Multiplicity of a root is power of corresponding linear factor in full factorization of polynomial.
Counting in multiplicity, we see that fourth degree polynomial $p$ in Example 4. has four roots.
This general result holds:
Theorem 1 (Fundamental Theorem of Algebra) Every polynomial with degree $n \geq 1$ has, counted with multiplicity, exactly $n$ roots (real or complex) .
Remark 1 Note that theorem gives existence of exactly $n$ roots, but roots don’t have to be real numbers – even if polynomial coefficients are real numbers.
Example 5 Find all roots of the function $ q(x) = x^2+1$.
Using formula for roots of quadratic polynomial we obtain $x_{1,2} =\frac{0 \pm \sqrt[]{0^2-4\cdot1\cdot1}}{2\cdot1}=\pm i$.
We see that even simple polynomial like $q$ has $2$ complex roots.
As we have seen in previous examples, finding roots of polynomial is much easier if we have factored it (that is, written it as a product of linear factors). Closed formulas for roots (like formula for roots of quadratic polynomial) only exist for polynomials with degree up to four. Formulas for roots of polynomials of degree three and four are relatively complex and most of the times it is easier to factor this polynomials and read their roots from that factorization.
Another (equivalent) way to express Theorem 1 is:
Theorem 1′ Every polynomial with degree $n \geq 1$ can be, in a unique way, expressed as the product of $n$ linear polynomials (with complex coefficients).
Remark 2 Even if polynomial has real coefficients its factorization can contain complex numbers.
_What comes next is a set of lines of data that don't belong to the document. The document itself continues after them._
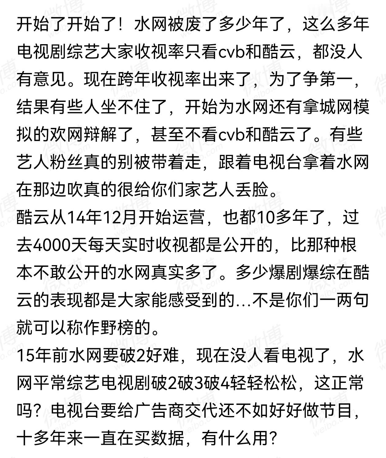提到跨年收视率,关于城网、欢网、酷云、cvb,就不要把历史尘封的数据再拉出来了吧。平常大家只认酷云和cvb,别在新年第一天为那种预制的数据洗白。这年头看电视的人比十五年前少太多了,怎么可能比十五年前更容易破2破3?江苏今年收视前三峰,薛之谦、罗云熙、张韶涵拿下。浙江今年收视前三,张信哲、周传雄、跑男团。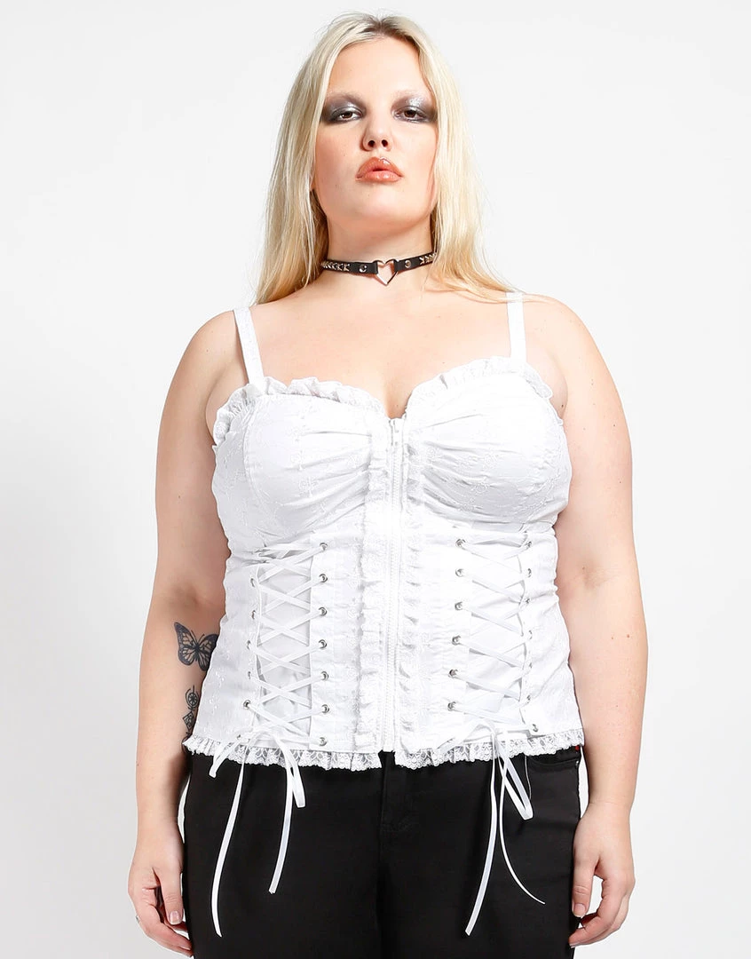 Don’t let the ruffles fool ya – this corset is for the good girl gone bad! Embroidered skull detail and corset lacing at the front toughen up the ruffle detailing along the sweetheart neckline, front zip closure & bottom hem.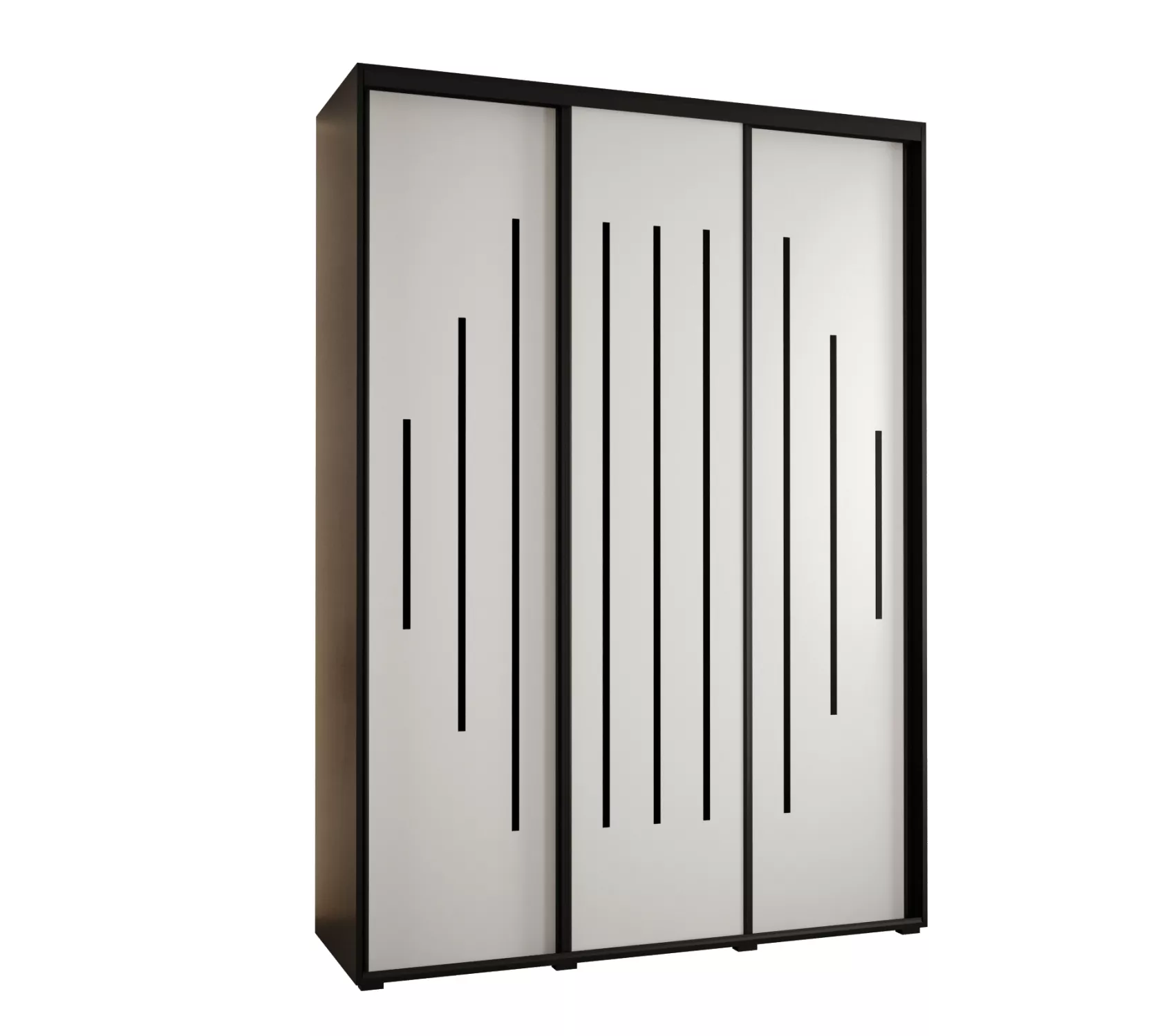 Šatní skříň YVONA 12 - 180/45 cm, černá / bílá / černá

Fundamental theorem of algebra has many important consequences and applications. Some of them are:
- it shows us the need for complex numbers: as we have seen in Example 5 polynomial $x^2 + 1$ does not have real roots (or in other words equation $x^2 + 1 = 0$ does not have real solutions) so if we want to be able to solve such equations we need concept of complex numbers
- the field of complex numbers is algebraically closed (contains a root for every non-constant polynomial with complex coefficients), so it follows that any theorem concerning algebraically closed fields applies to the field of complex numbers
- it can be used for finding roots of polynomials and factorization of polynomials to linear factors (what we have already seen)
- in calculus integrating rational functions (quotients of polynomials) is done with factorization of numerator and denominator to linear factors and using technique called partial fractions
- in linear algebra it guarantees existence of eigenvalues from characteristic polynomial and so on.